##### Data provided #####
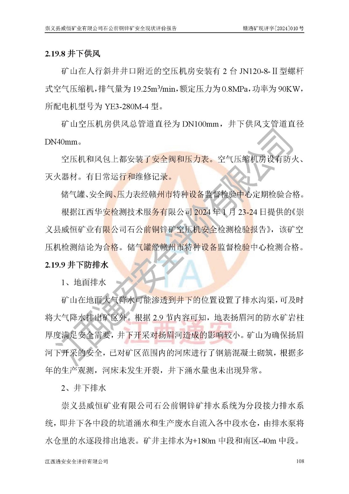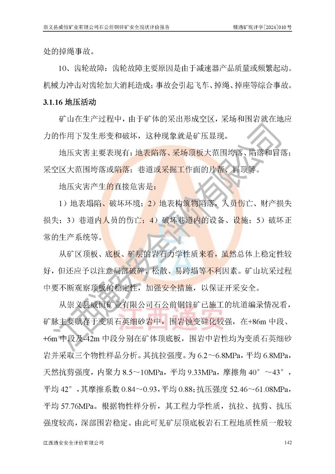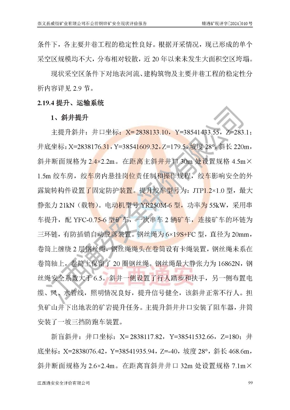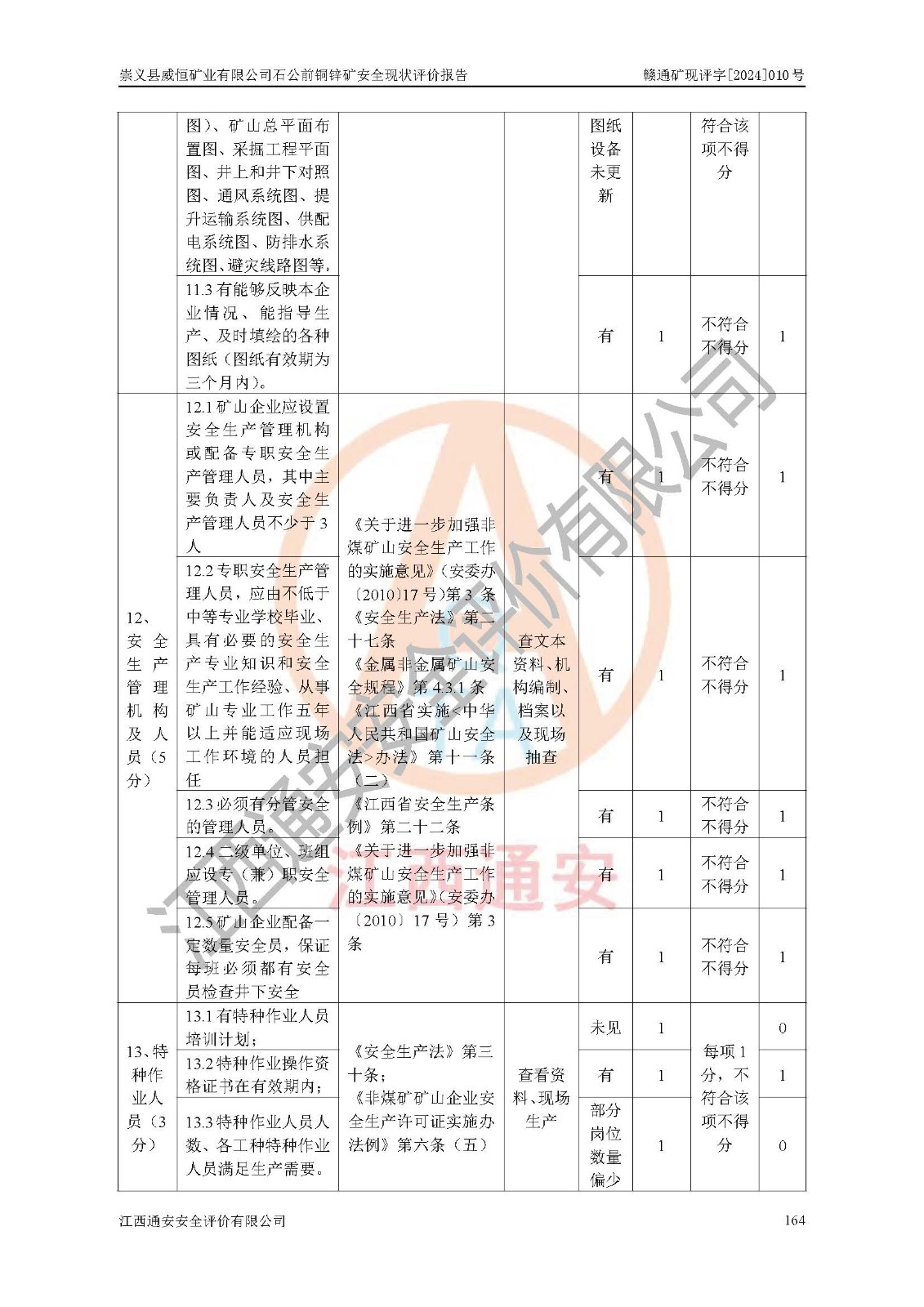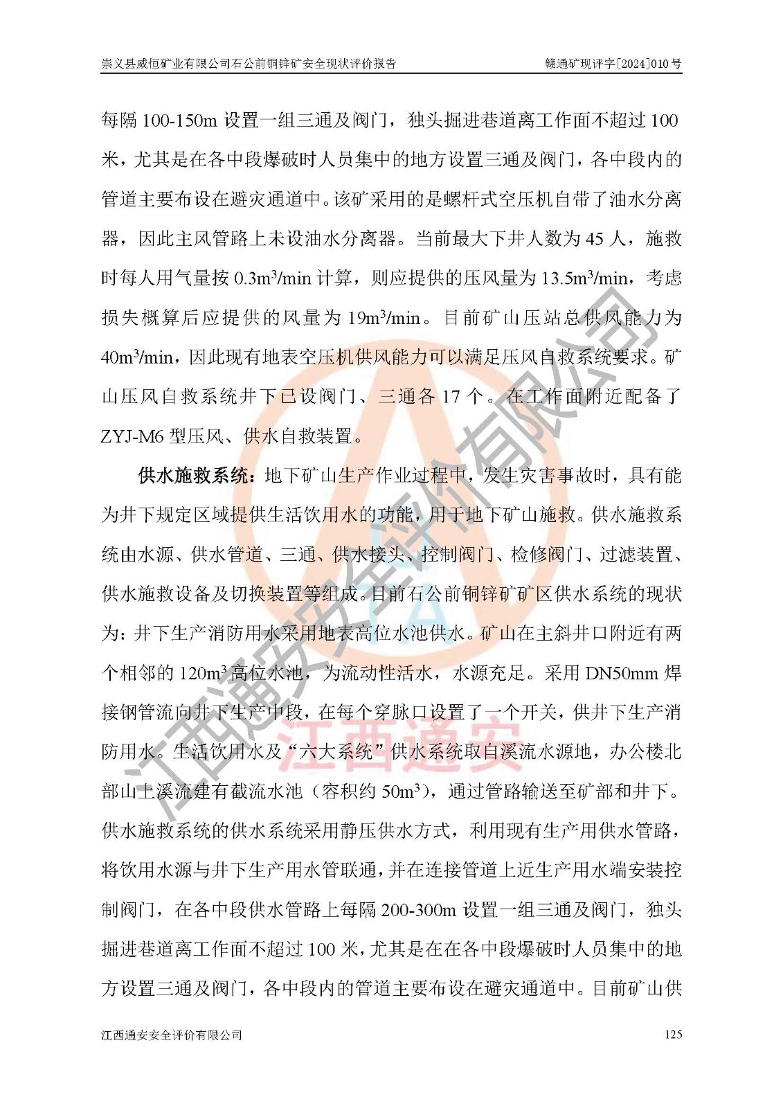 其它 | 崇義縣威恒礦業(yè)有限公司石公前銅鋅礦的主要生產(chǎn)及輔助系統(tǒng):提升運輸、排水、供配電、通風(fēng)、供風(fēng)、采掘、安全避險“六大系統(tǒng)”等基本符合法律法規(guī)要求和規(guī)程、規(guī)范要求;各種危險有害因素及不可接受的風(fēng)險在運行中認(rèn)真落實行之**的技術(shù)措施或管理措施,嚴(yán)格按規(guī)程,按要求加強管理,可以避免和控制各類事故,**安全生產(chǎn)。現(xiàn)階段礦山設(shè)備、設(shè)施和場所符合**安全生產(chǎn)有關(guān)法律、法規(guī)、標(biāo)準(zhǔn)及規(guī)范的規(guī)定。礦山采用斜井+盲斜井聯(lián)合開拓方式,安全生產(chǎn)條件一般;安全管理能滿足法規(guī)要求,礦山地下開采符合**規(guī)定的安全生產(chǎn)條件。 | ||||
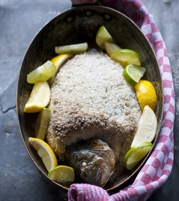 Supersimpel en toch ziet het er indrukwekkend uit. Je hebt heel veel zout nodig om dit gerecht te maken, maar geen zorgen: het dient enkel om de vis vochtig te houden in een korst en om de stevige textuur te bewaren. Het zout dringt dus niet in de vis.
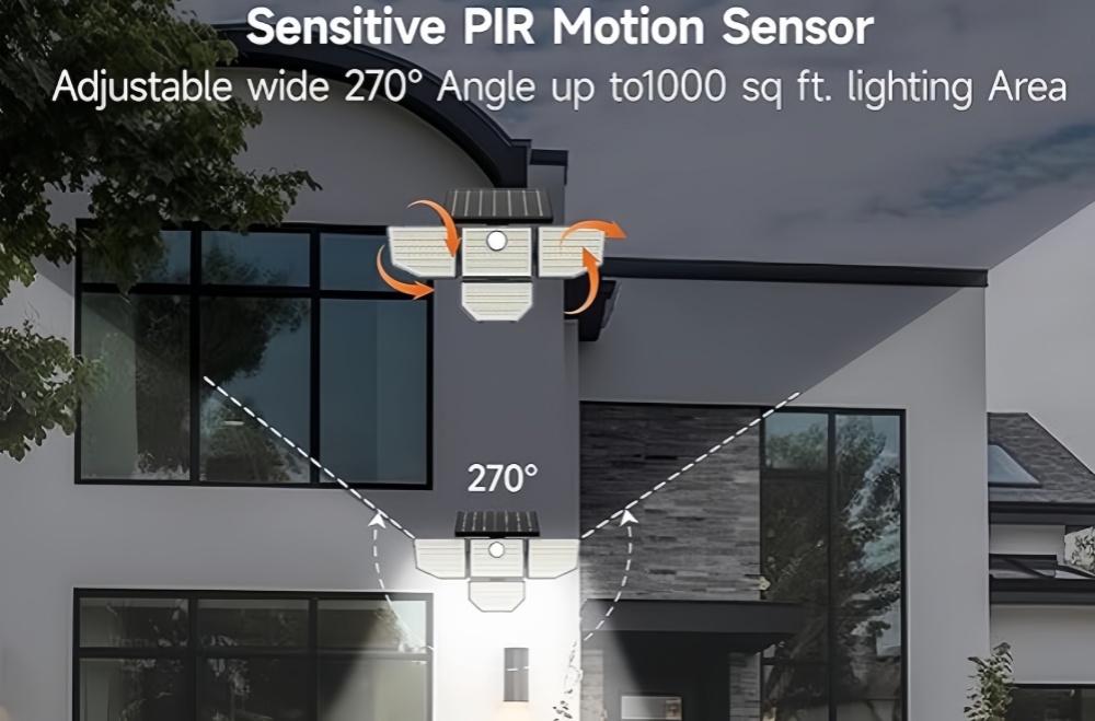 Our led flood light motion detected spotlight outdoor feature 4 adjustable heads that can be directed up, down, and horizontally. The solar lights with 120-degree wide-angle coverage have sensitive motion sensors that can detect distances up to 39 feet, allowing for wider illumination and more visibility.
#####
_Assigned task_: In transcribing the listing, keep each word as it is and drop the pictures.

_Reply_:
 其它 | 崇義縣威恒礦業(yè)有限公司石公前銅鋅礦的主要生產(chǎn)及輔助系統(tǒng):提升運輸、排水、供配電、通風(fēng)、供風(fēng)、采掘、安全避險“六大系統(tǒng)”等基本符合法律法規(guī)要求和規(guī)程、規(guī)范要求;各種危險有害因素及不可接受的風(fēng)險在運行中認(rèn)真落實行之**的技術(shù)措施或管理措施,嚴(yán)格按規(guī)程,按要求加強管理,可以避免和控制各類事故,**安全生產(chǎn)。現(xiàn)階段礦山設(shè)備、設(shè)施和場所符合**安全生產(chǎn)有關(guān)法律、法規(guī)、標(biāo)準(zhǔn)及規(guī)范的規(guī)定。礦山采用斜井+盲斜井聯(lián)合開拓方式,安全生產(chǎn)條件一般;安全管理能滿足法規(guī)要求,礦山地下開采符合**規(guī)定的安全生產(chǎn)條件。 | ||||
 Supersimpel en toch ziet het er indrukwekkend uit. Je hebt heel veel zout nodig om dit gerecht te maken, maar geen zorgen: het dient enkel om de vis vochtig te houden in een korst en om de stevige textuur te bewaren. Het zout dringt dus niet in de vis.
 Our led flood light motion detected spotlight outdoor feature 4 adjustable heads that can be directed up, down, and horizontally. The solar lights with 120-degree wide-angle coverage have sensitive motion sensors that can detect distances up to 39 feet, allowing for wider illumination and more visibility.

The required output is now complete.